Nous ne sommes pas là pour changer la mentalité des gens, c’est à eux de changer, il faut avoir la conscience de se dire « Tiens, ce soir je ne bois pas parce que je conduis ». Le jour où plus personne n’aura besoin de nos services, on aura gagné. Ce qui nous manque, comme toute association, ce sont les moyens. En 2003, il s’agissait de raccompagnements sur le week end, en 2004, on a rajouté les raccompagnements des étudiants en semaine et en 2005, c’est le monde de l’entreprise qui frappe à la porte. Nous mettons en place des stages de sensibilisation, des journées forum avec du matériel, tout cela a un coût. Si le budget n’augmente pas, nous ne pouvons pas faire ça à titre bénévole tout le temps non plus.
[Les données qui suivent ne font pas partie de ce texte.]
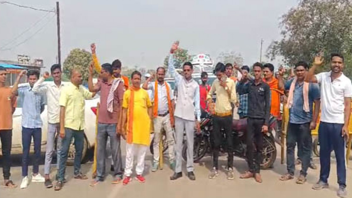 हिंदूवादी संगठनों ने रायपुर-जबलपुर एन एच 30 पर चक्का-जाम कर लालपुर हत्याकांड का विरोध प्रदर्शन किया
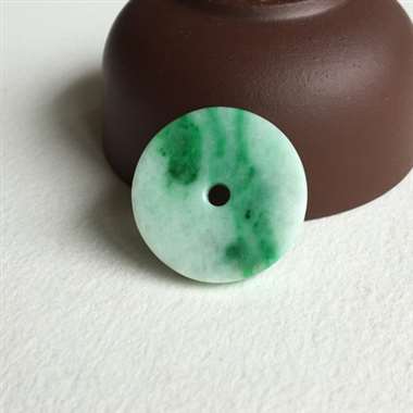 飘阳绿 平安扣 整体绿底 飘阳绿 质地细腻 水润 颜色漂亮 无纹裂 尺寸 22.3x3 毫米
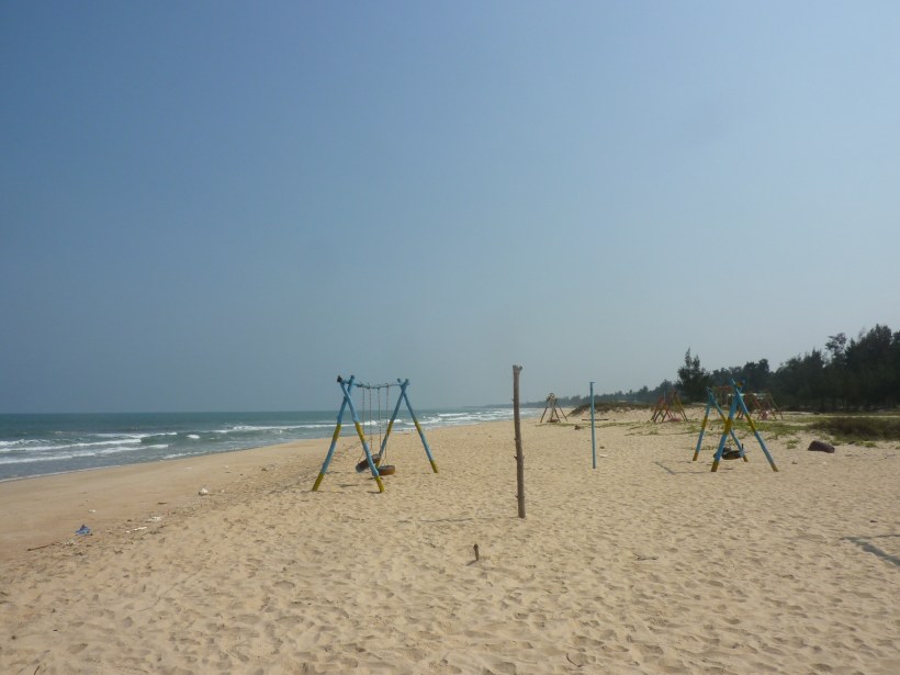 D’après ce qu’on a lu, la seule chose vraiment intéressante, c’est la visite des tunnels de Vinh Moc. En route donc pour ce site, et en scooter cette fois-ci. La petite route côtière est magnifique sous le soleil et les plages, superbes et désertes, invitent à la baignade.

Ce que l’on aimerait aussi, c’est que les patrons d’établissements s’impliquent dans la cause, qu’ils nous supportent pas juste pour se donner bonne conscience. C’est aussi à eux d’être des moteurs de l’action, en faisant attention à leur clientèle. Heureusement, certains donnent l’exemple, comme dans certaines discothèques où se sont les videurs qui prennent les clés de voiture des gens et ne les rendent pas si les clients ont trop bu, ils appellent les dragons. Tout le monde est satisfait, eux vendent l’alcool et les gens apprécient que le patron leur porte attention.
Quelles sont les modalités pour être de l’aventure, dès le réveillon de la Saint Sylvestre pourquoi pas ?
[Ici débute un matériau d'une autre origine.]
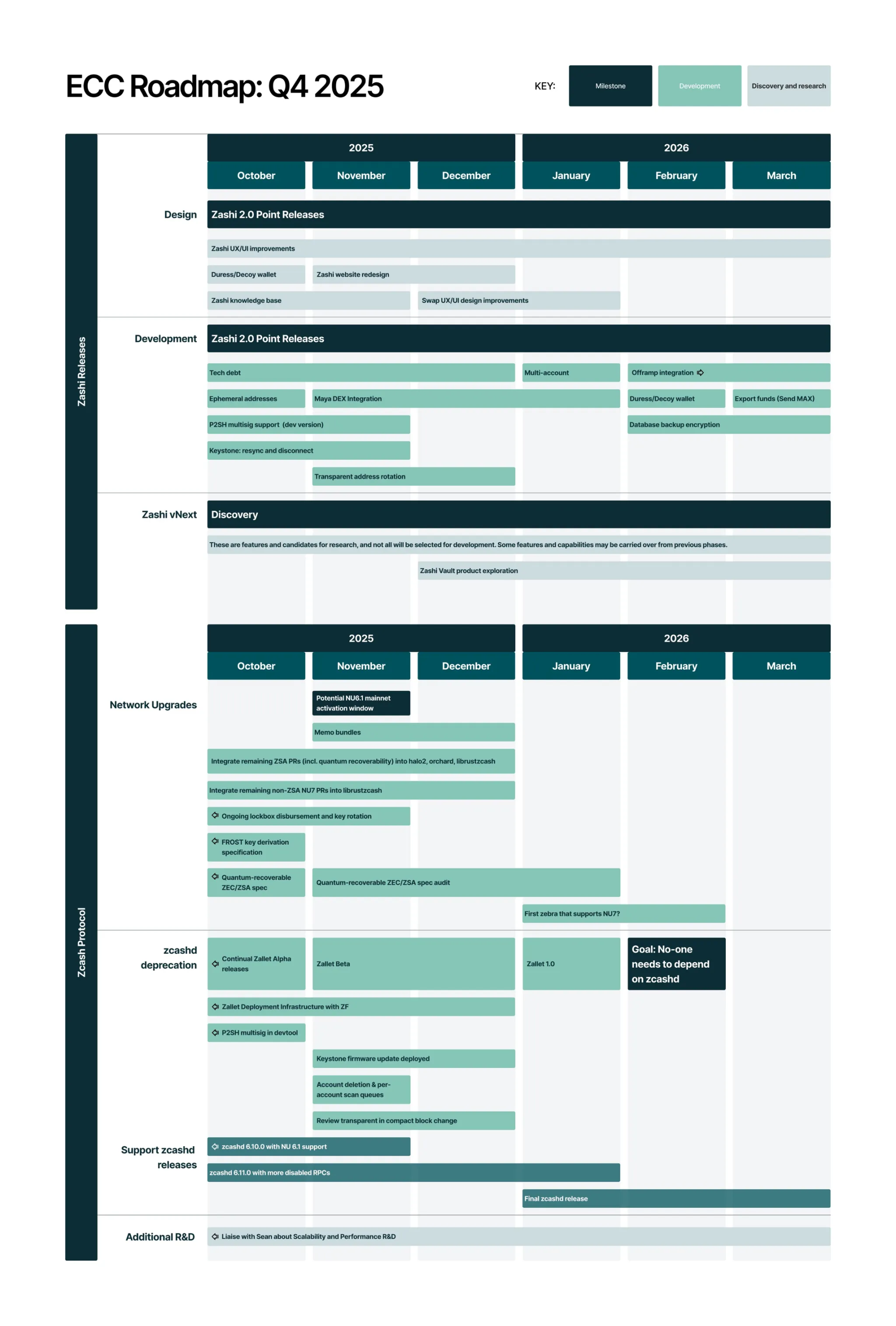 Orchard 协议升级、ECC 2025 年 Q4 路线图确实显示 ZEC 非空气项目。但关键问题:技术升级未转化为屏蔽交易增长,70% 交易仍透明。zk-SNARKs 技术领先≠市场采用,ZEC 的挑战不是技术能力,而是在监管压力下实现真实用户增长。

Il suffit de nous contacter, le numéro de téléphone est le même en journée et en soirée : 02.35.15.12.07. Il faut être volontaire, ce n’est pas évident de tenir toute la nuit, de 21 heures à 5 heures du matin. Nous demandons aussi un minimum de deux ans de permis, c’est la seule contrainte que nous ayons auprès de l’assurance. On assure les véhicules que nous raccompagnons ainsi que ceux des raccompagnateurs. Notre partenaire assureur se substitue à toute assurance et répond en cas de problème. Depuis Octobre 2003, nous avons parcouru plus de 100.000 kilomètres sans le moindre problème.
Pour finir, si tu as un message de sécurité ou de bon sens à faire passer, c’est le moment…
Je dirais qu’il ne faut jamais hésiter à nous appeler, surtout pour ce week end particulièrement festif. Il est vrai que nous ne sommes pas sur place dans la minute qui suit, mais il suffit de nous donner un coup de fil une demi-heure avant votre départ. Si nous sommes occupés, patientez un peu, attendez nous, mais ne prenez pas le volant.